Гноссос увлекается. Теория происхождение Вселенной, различие точек зрения и незваный гость.
   Кобальтовой ночью ему снилась беда, что придет потом, и он с нежными проклятьями отправил ее в серные котлы ада. Неотвратимая угроза потери, мартышка-демон бродит вокруг, дожидаясь своего часа, зловещий аммиачный запах навис над судьбой. Иногда — идиллические пейзажи Грюна: глинистые склоны холмов засеяны семенами сомнений; а то вдруг Таос: спальный мешок окружают пачуко с масками вместо лиц. Подсознательные симптомы гнойного воспаления — в самой сердцевине пышной плоти страны. Вперед, пацаны, становитесь королями своего района и вы первыми навернетесь в персональной атомной субмарине. Двадцать пять центов и крыша от маминого «кадиллака». Уииии.
   Но он всегда просыпался — в поту от смертельного ужаса. Однажды утром раздался негромкий стук в дверь. Обычно вслед за ним на полу появлялось «Ежедневное Светило», а стук замолкал, но на сей раз чуда не произошло. Стук повторялся снова и снова. Похоже, впервые за все эти месяцы молчаливый посланник намеревался представиться. Однако Гноссос не слишком удивился. Последние перед весенними каникулами недели проходили в суматошной сессии, и, даже без дурных снов каждое утро несло с собой сомнительные открытия. Он вытер наволочкой пот и крикнул:
   — Заходи.
   Но никто не вошел, а стук раздался вновь: мягкий, но назойливый.

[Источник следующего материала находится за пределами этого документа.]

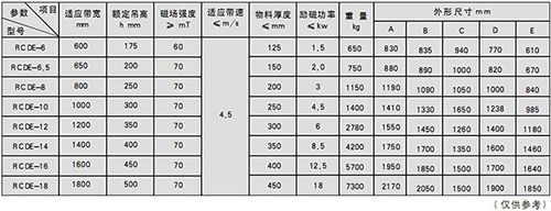 RCDE系列油冷式電磁除鐵器,內(nèi)部采用變壓器先進(jìn)技術(shù),變對(duì)器油循環(huán)涼卻,全密封結(jié)構(gòu),具有磁力大、防塵、防雨、耐腐蝕、連續(xù)工作使用壽命長(zhǎng)等特點(diǎn),對(duì)輥壓機(jī)、破碎機(jī)等機(jī)械設(shè)備起著可靠的保護(hù)作用。其主要性能指標(biāo)均過(guò)到或高于JB/T7689-95標(biāo)準(zhǔn)要求,該主品可除去混雜在非磁性物料中0.1~25公斤的鐵磁性物質(zhì)。

   — Да входи ты, черт возьми. Я в постели. Кто там?
   Он со стоном откинул одеяло и голышом потащился через всю комнату — банный халат Фицгора куда-то запропастился. За дверью стояла Ирма Раджаматту в марлевом балахоне и улыбалась красными зубами. В одной руке она держала обычный стакан джина с гранатовым сиропом, в другой — «Светило».
   — Мои особенные поздравления, — сказала она.
   Прикрыв руками пах, Гноссос судорожно моргнул.
   Она протянула ему газету, в нелепом приветствии подняла стакан и неслышно заскользила прочь на босых ногах, раз-два-три.
   — Эй, минуточку, — окликнул Гноссос, но ее уже не было. Только звякнули кубики льда.
   На первой странице газеты красовалось его уже почти забытое письмо, и прежде чем прочесть, Гноссос сел и нервно передернулся, приведя таким образом в порядок голову.
   Апрель 1958 г.
   Наша дорогая мисс Б. Панкхерст.
   Сразу к делу, да?
   Присутствие женщин в квартирах Кавернвилля вам не по вкусу. Вы предлагаете регистрацию и компаньонок. Студентке будет позволено посещать джентльмена лишь в сопровождении другой студентки и двух внушающих доверие пар. Одна должна быть старше тридцати лет, другая состоять в законном браке, верно? Если, скажем, я захочу пригласить студентку на ужин, я должен звать ее соседку по комнате, пару старшекурсников и кого-либо, подобного вам и вашему супругу — в случае, если вы замужем, хотя, насколько мне известно, это не так.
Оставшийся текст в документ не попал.